Abstract

Fluvial sandstone reservoirs composed of stacked meander belts are considered as potential geothermal resources in the Netherlands. Net-to-gross, orientation and stacking pattern of the channel belts is of major importance for the connectivity between the injection and production well in such reservoirs. Understanding the influence of the fluvial sandstone architecture on the heat recovery is necessary for designing geothermal doublet projects in fluvial reservoirs. A detailed outcrop study of the Huesca fluvial fan is used as an analogue for fluvial reservoir architecture. The study shows meandering fluvial sandstone bodies, laterally amalgamated and vertically stacked within the meander belts. Meander belts in the outcrop have a width of 1 to 1.5 km and are up to 4 km long. Sandstone bodies are surrounded by impermeable floodplain deposits and poorly permeable crevasse splay sandstones (Donselaar & Overeem, 2008). The floodplain deposits decrease the net-to-gross and connectivity in the meander belt. In order to identify the most influential geological features controlling the flow and heat transfer in geothermal aquifers, several reservoir models of fluvial sandstones are constructed with increasing geological detail. These models are based on the results of geological fieldwork on the Huesca fluvial fan in Miocene, Ebro Basin, Spain. Several models with different geometry of the fluvial sandstone bodies, orientation of the channel belts and stacking patterns of the channel bodies are considered.
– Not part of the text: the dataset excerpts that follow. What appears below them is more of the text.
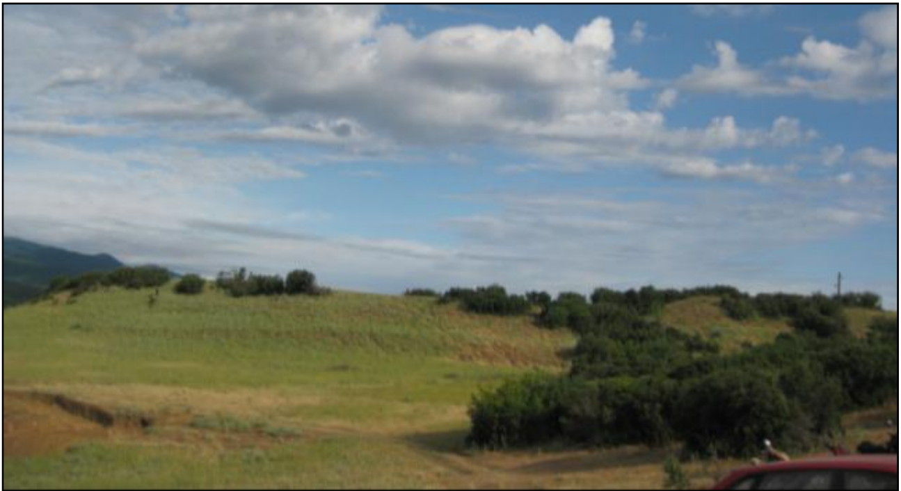
Сл. 1 . Поглед на Исар-Марвинци

Исарот е истурен пункт среде котлината каде дуваат силни ветришта. Акрополата што се наоѓа на највисоката кота од 131 м надморска височина морала да биде добро заштитена од атмосферските прилики на регионот. Најстарите траги од населбински слоеви се исклучително впечатливи. Куќите за живеење се лоцирани на позиции потпрени до карпите, при што, на поедини места карпите се засекувани до одредена длабочина за да се постигне стабилност и заштита на станбените и економските објекти. Ваква слика даваат остатоците од најстарата населба која се простира под акрополата, а особено на сртот кој се протега југоисточно од подоцнежниот римски каструм (Сл. 1, Сл. 3).
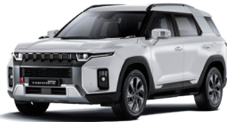
그랜드 화이트 WAA
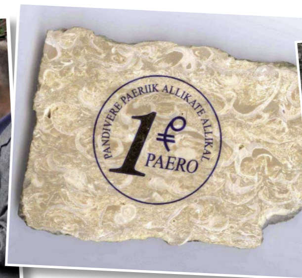
Kohalik rahaühik 1 paero
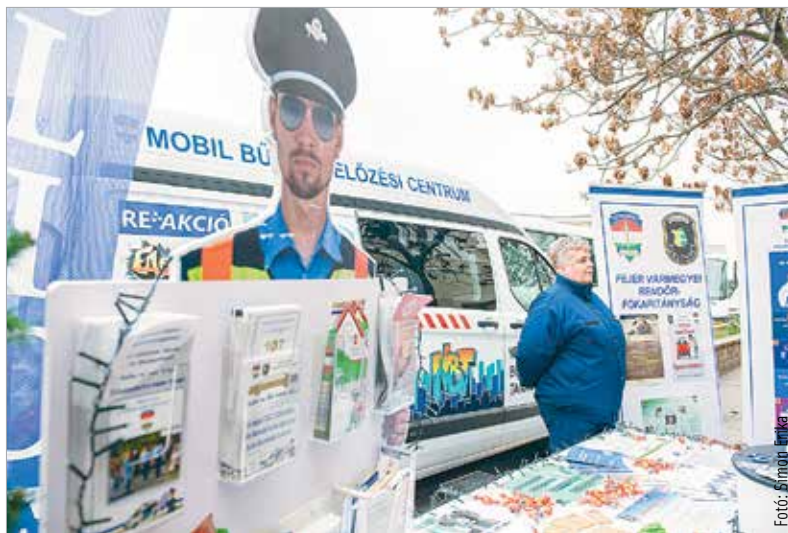
Az Áldozatsegítő Központok országszerte nyitva lesznek a két ünnep között is, és az ünnepnapokon is működik majd az ingyenesen hívható 80 225 225-ös telefonszámuk
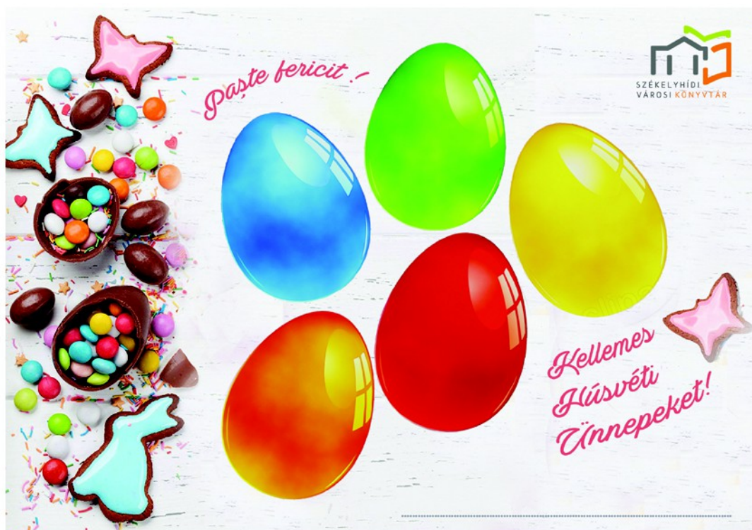
Figura 10. – Fișa inițială pentru joc (2022)

A finite-element approach is utilized to study the geothermal energy production. The effects of different levels of architectural complexity on the geothermal energy production, by conducting several accurate numerical simulations, are discussed. The results show that utilizing simplified reservoir models can lead to a significant error in predictability of the heat recovery from deep fluvial sandstone formations.